SpaceX advertises Falcon 9 rocket launches at a cost of 62 million USD, whereas other providers charge upwards of  165 million USD per launch. A significant portion of SpaceX’s cost savings comes from its ability to reuse the first stage of the rocket.

By predicting the success of the first stage landing, we can estimate the cost of a launch.

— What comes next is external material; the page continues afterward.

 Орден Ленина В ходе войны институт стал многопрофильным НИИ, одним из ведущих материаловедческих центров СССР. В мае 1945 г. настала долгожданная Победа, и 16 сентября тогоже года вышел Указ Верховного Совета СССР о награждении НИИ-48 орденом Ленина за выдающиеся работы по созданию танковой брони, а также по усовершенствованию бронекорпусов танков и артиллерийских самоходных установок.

This information can be valuable for alternative companies that may want to compete with SpaceX for launch contracts.

In this lab, we will:
- Collect data from the SpaceX API.
- Ensure the data is properly formatted for analysis.

## Goal / Objectives

### Objective
Reduce the cost of a launch by determining whether SpaceX can reuse the first stage of its rockets.

### Tasks
- Perform basic data wrangling and formatting.
- Retrieve data from the SpaceX API.
- Clean and preprocess the requested data.

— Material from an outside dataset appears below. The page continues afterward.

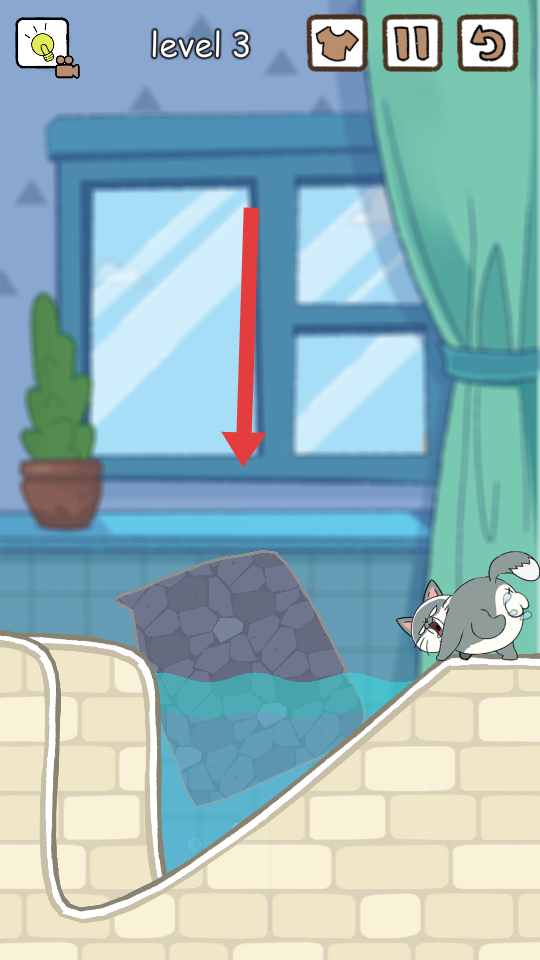 3、在關(guān)卡3界面,場(chǎng)景里有石塊和水池,還有紅色箭頭提示,貓咪在一旁,要根據(jù)箭頭指示,對(duì)石塊等元素進(jìn)行操作,助力貓咪完成關(guān)卡任務(wù)。

## Import Libraries and Define Auxiliary Functions

In [None]:
# Requests allows us to make HTTP requests which we will use to get data from an API
import requests
# Pandas is a software library written for the Python programming language for data manipulation and analysis.
import pandas as pd
# NumPy is a library for the Python programming language, adding support for large, multi-dimensional arrays and matrices, along with a large collection of high-level mathematical functions to operate on these arrays
import numpy as np
# Datetime is a library that allows us to represent dates
import datetime

# Setting this option will print all collumns of a dataframe
pd.set_option('display.max_columns', None)
# Setting this option will print all of the data in a feature
pd.set_option('display.max_colwidth', None)

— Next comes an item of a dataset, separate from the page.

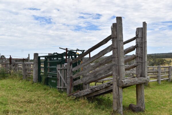Solid timber cattle yards with Bentley squeeze crush & loading ramp.

## Request and parse the SpaceX launch data using the GET request

In [None]:
# Individual data calling API End point
# Takes the dataset and uses the rocket column to call the API and append the data to the list
def getBoosterVersion(data):
    for x in data['rocket']:
        print(x)
        if x:
            response = requests.get("https://api.spacexdata.com/v4/rockets/" + str(x)).json()
            BoosterVersion.append(response['name'])

In [None]:
# Takes the dataset and uses the launchpad column to call the API and append the data to the list
def getLaunchSite(data):
    for x in data['launchpad']:
        if x:
            response = requests.get("https://api.spacexdata.com/v4/launchpads/" + str(x)).json()
            Longitude.append(response['longitude'])
            Latitude.append(response['latitude'])
            LaunchSite.append(response['name'])

In [None]:
# Takes the dataset and uses the payloads column to call the API and append the data to the lists
def getPayloadData(data):
    for load in data['payloads']:
        if load:
            response = requests.get("https://api.spacexdata.com/v4/payloads/" + load).json()
            PayloadMass.append(response['mass_kg'])
            Orbit.append(response['orbit'])

In [None]:
# Takes the dataset and uses the cores column to call the API and append the data to the lists
def getCoreData(data):
    for core in data['cores']:
        if core['core'] != None:
            response = requests.get("https://api.spacexdata.com/v4/cores/" + core['core']).json()
            Block.append(response['block'])
            ReusedCount.append(response['reuse_count'])
            Serial.append(response['serial'])
        else:
            Block.append(None)
            ReusedCount.append(None)
            Serial.append(None)
        Outcome.append(str(core['landing_success']) + ' ' + str(core['landing_type']))
        Flights.append(core['flight'])
        GridFins.append(core['gridfins'])
        Reused.append(core['reused'])
        Legs.append(core['legs'])
        LandingPad.append(core['landpad'])

In [None]:
spacex_url = "https://api.spacexdata.com/v4/launches/past"

In [None]:
response = requests.get(spacex_url)
print(response.content[:300])

In [None]:
static_json_url = 'https://cf-courses-data.s3.us.cloud-object-storage.appdomain.cloud/IBM-DS0321EN-SkillsNetwork/datasets/API_call_spacex_api.json'

In [None]:
response = requests.get(static_json_url)
data = pd.DataFrame(response.json())

In [None]:
data.head()

In [None]:
# Lets take a subset of our dataframe keeping only the features we want and the flight number, and date_utc.
data = data[['rocket', 'payloads', 'launchpad', 'cores', 'flight_number', 'date_utc']]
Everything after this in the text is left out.